* _What you will do_
Look below for the line that contains "典礼上宣读2023届省级、校" and the line that contains "The call came", then restate both of them and every line in between, exactly. No picture goes in the copy.

* _Records for this task_

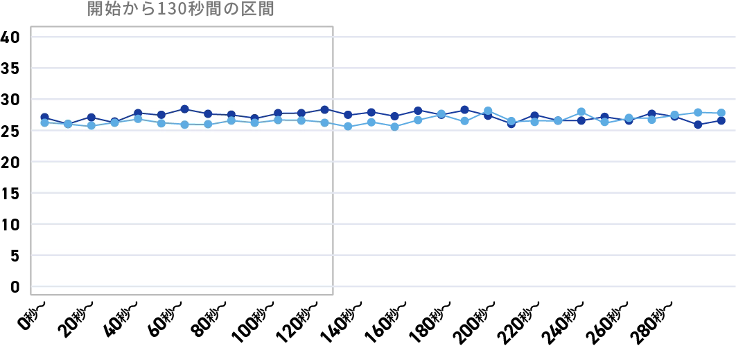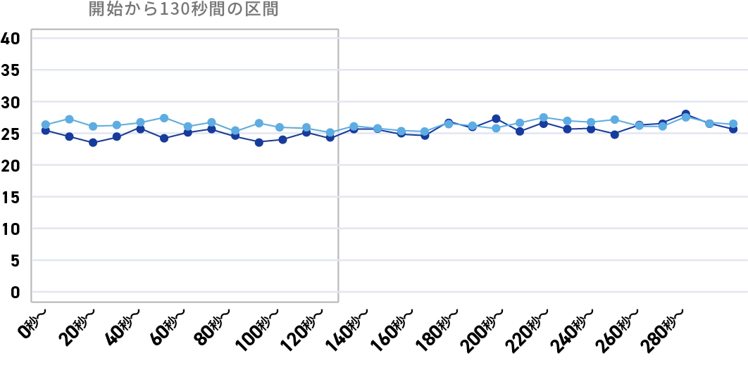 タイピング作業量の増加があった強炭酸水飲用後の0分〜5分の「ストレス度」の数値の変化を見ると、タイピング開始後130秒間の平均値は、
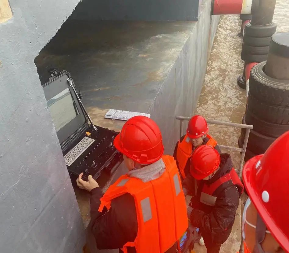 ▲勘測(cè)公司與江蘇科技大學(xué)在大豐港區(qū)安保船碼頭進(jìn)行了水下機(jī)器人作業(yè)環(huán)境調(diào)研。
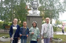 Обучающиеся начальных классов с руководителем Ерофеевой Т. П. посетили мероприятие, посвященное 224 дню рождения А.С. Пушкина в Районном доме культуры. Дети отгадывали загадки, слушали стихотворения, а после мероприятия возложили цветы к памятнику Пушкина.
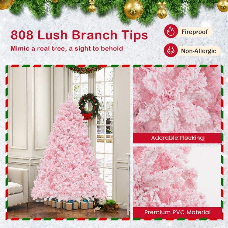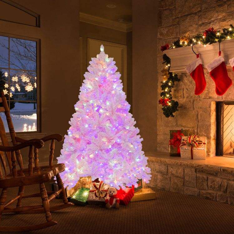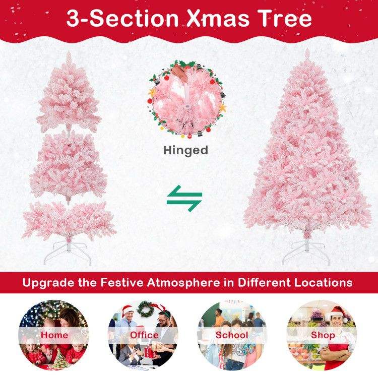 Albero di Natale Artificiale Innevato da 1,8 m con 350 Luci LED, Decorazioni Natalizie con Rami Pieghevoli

--

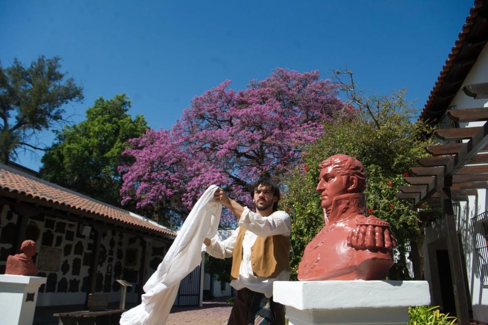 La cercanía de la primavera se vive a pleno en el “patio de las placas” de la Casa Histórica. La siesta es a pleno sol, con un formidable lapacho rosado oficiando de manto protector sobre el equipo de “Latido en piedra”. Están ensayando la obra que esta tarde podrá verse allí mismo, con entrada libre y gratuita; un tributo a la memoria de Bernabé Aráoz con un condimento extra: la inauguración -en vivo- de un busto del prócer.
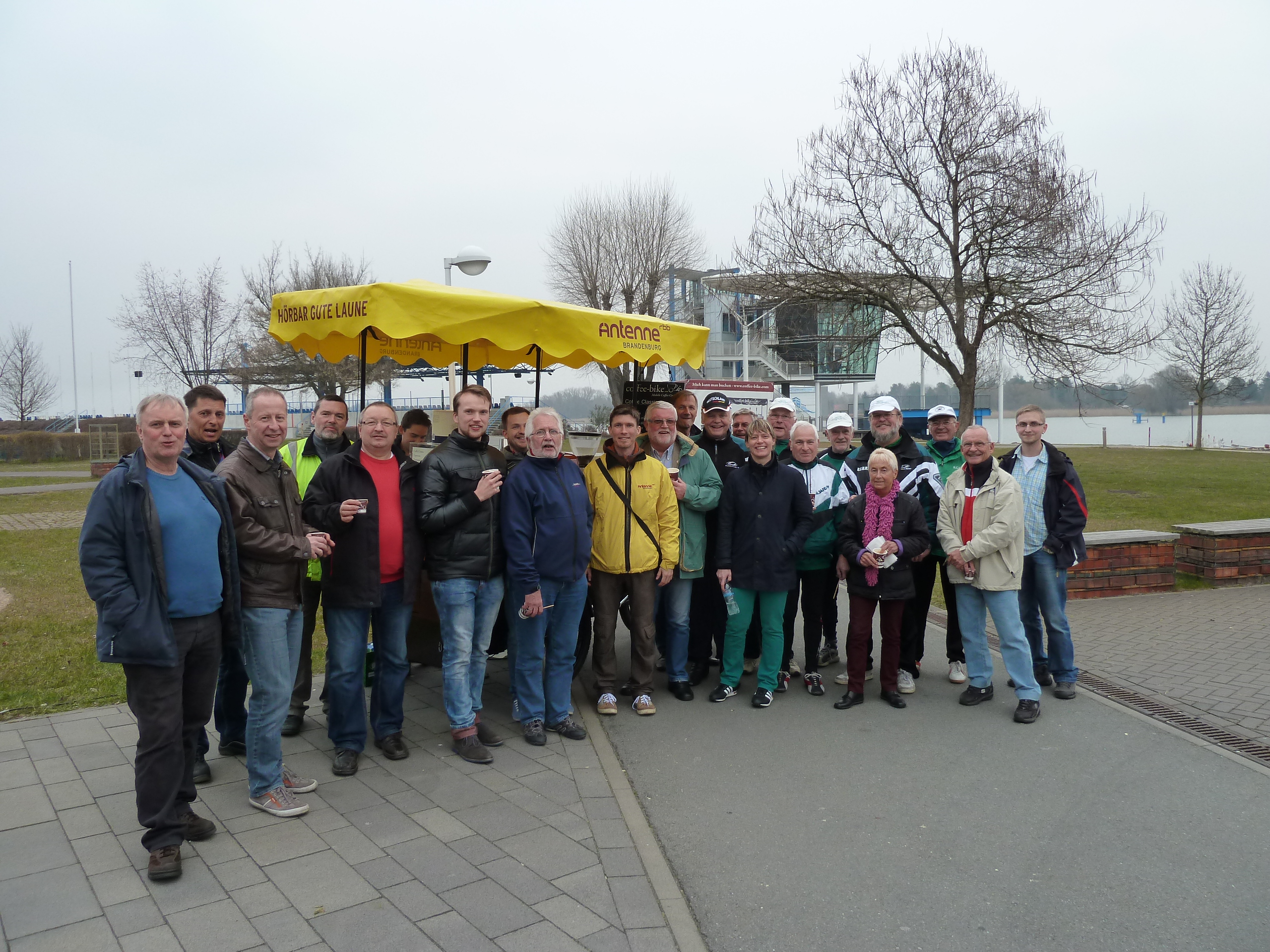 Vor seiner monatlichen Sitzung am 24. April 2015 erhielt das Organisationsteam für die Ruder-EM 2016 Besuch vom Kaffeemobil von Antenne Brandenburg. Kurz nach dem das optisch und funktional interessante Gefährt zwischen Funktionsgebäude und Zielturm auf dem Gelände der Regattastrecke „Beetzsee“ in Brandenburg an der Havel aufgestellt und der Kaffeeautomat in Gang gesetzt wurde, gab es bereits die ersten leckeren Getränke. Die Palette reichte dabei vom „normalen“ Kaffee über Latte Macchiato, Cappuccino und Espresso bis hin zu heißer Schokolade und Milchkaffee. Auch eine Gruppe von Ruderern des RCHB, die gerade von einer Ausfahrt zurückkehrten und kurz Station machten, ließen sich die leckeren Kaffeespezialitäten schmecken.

--

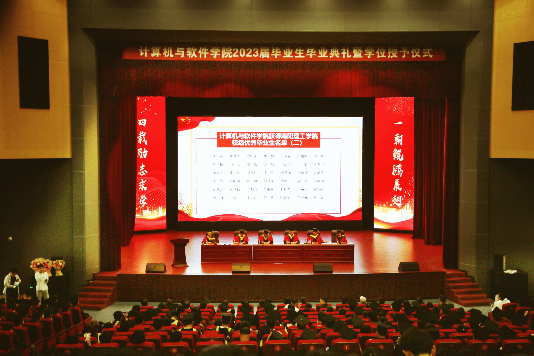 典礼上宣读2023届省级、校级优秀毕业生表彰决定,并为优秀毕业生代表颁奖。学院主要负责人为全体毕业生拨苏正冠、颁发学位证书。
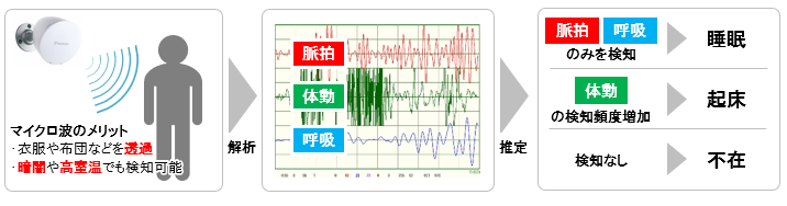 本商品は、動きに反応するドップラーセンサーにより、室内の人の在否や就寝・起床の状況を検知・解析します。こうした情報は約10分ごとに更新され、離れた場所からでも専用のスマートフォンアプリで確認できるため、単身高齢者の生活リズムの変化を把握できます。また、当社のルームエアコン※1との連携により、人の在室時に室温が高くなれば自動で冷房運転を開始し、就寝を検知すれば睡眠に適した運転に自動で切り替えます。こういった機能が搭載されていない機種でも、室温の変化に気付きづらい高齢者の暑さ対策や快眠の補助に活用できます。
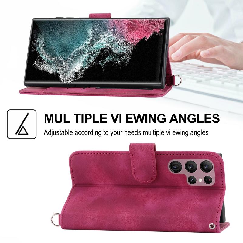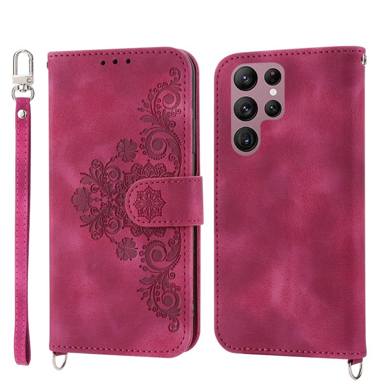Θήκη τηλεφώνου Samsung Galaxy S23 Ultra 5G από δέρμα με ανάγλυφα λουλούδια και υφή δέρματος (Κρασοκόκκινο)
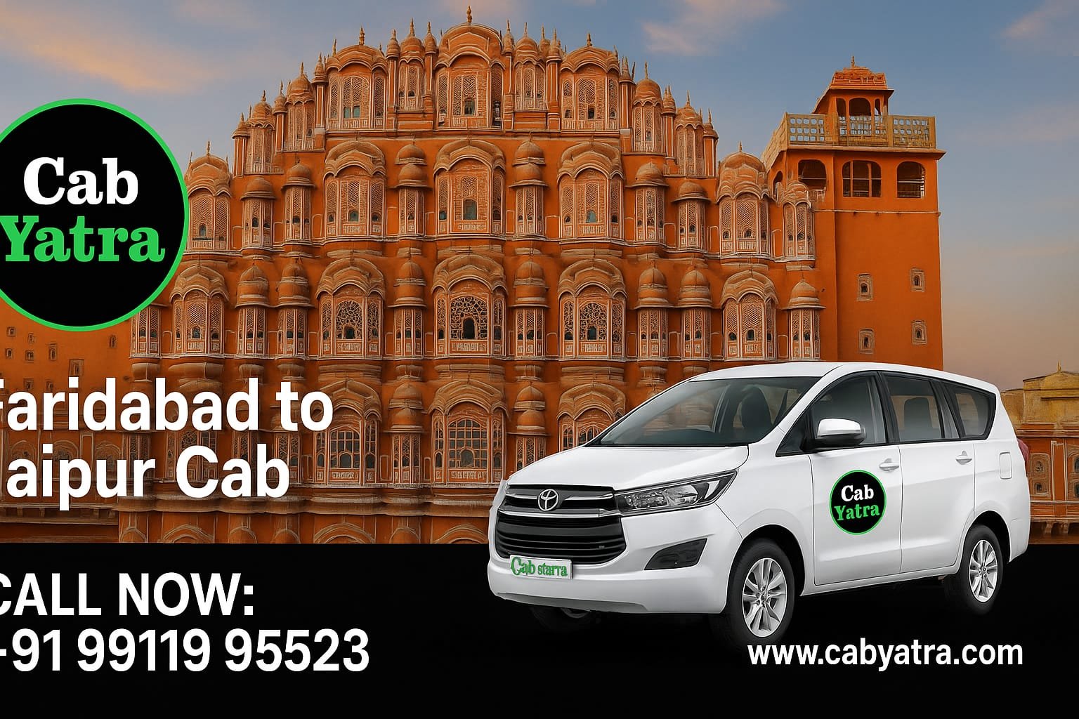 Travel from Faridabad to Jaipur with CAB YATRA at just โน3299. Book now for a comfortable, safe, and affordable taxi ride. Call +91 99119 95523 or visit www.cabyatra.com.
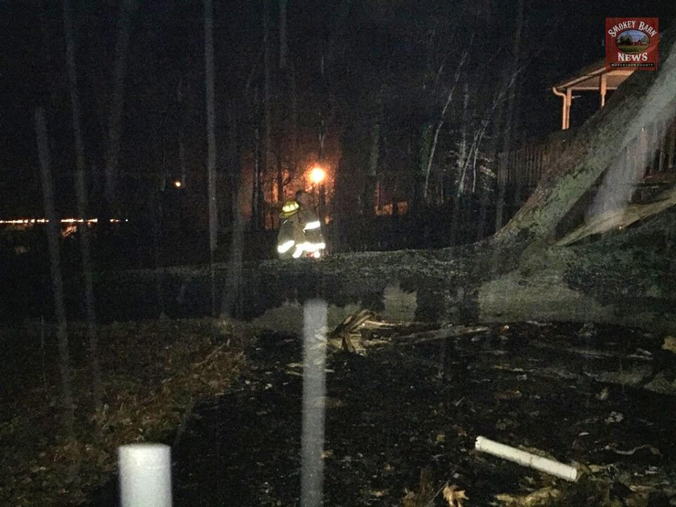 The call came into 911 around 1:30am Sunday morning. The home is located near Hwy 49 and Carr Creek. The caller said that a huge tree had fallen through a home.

* _Result for this task_
 典礼上宣读2023届省级、校级优秀毕业生表彰决定,并为优秀毕业生代表颁奖。学院主要负责人为全体毕业生拨苏正冠、颁发学位证书。
 本商品は、動きに反応するドップラーセンサーにより、室内の人の在否や就寝・起床の状況を検知・解析します。こうした情報は約10分ごとに更新され、離れた場所からでも専用のスマートフォンアプリで確認できるため、単身高齢者の生活リズムの変化を把握できます。また、当社のルームエアコン※1との連携により、人の在室時に室温が高くなれば自動で冷房運転を開始し、就寝を検知すれば睡眠に適した運転に自動で切り替えます。こういった機能が搭載されていない機種でも、室温の変化に気付きづらい高齢者の暑さ対策や快眠の補助に活用できます。
Θήκη τηλεφώνου Samsung Galaxy S23 Ultra 5G από δέρμα με ανάγλυφα λουλούδια και υφή δέρματος (Κρασοκόκκινο)
 Travel from Faridabad to Jaipur with CAB YATRA at just โน3299. Book now for a comfortable, safe, and affordable taxi ride. Call +91 99119 95523 or visit www.cabyatra.com.
 The call came into 911 around 1:30am Sunday morning. The home is located near Hwy 49 and Carr Creek. The caller said that a huge tree had fallen through a home.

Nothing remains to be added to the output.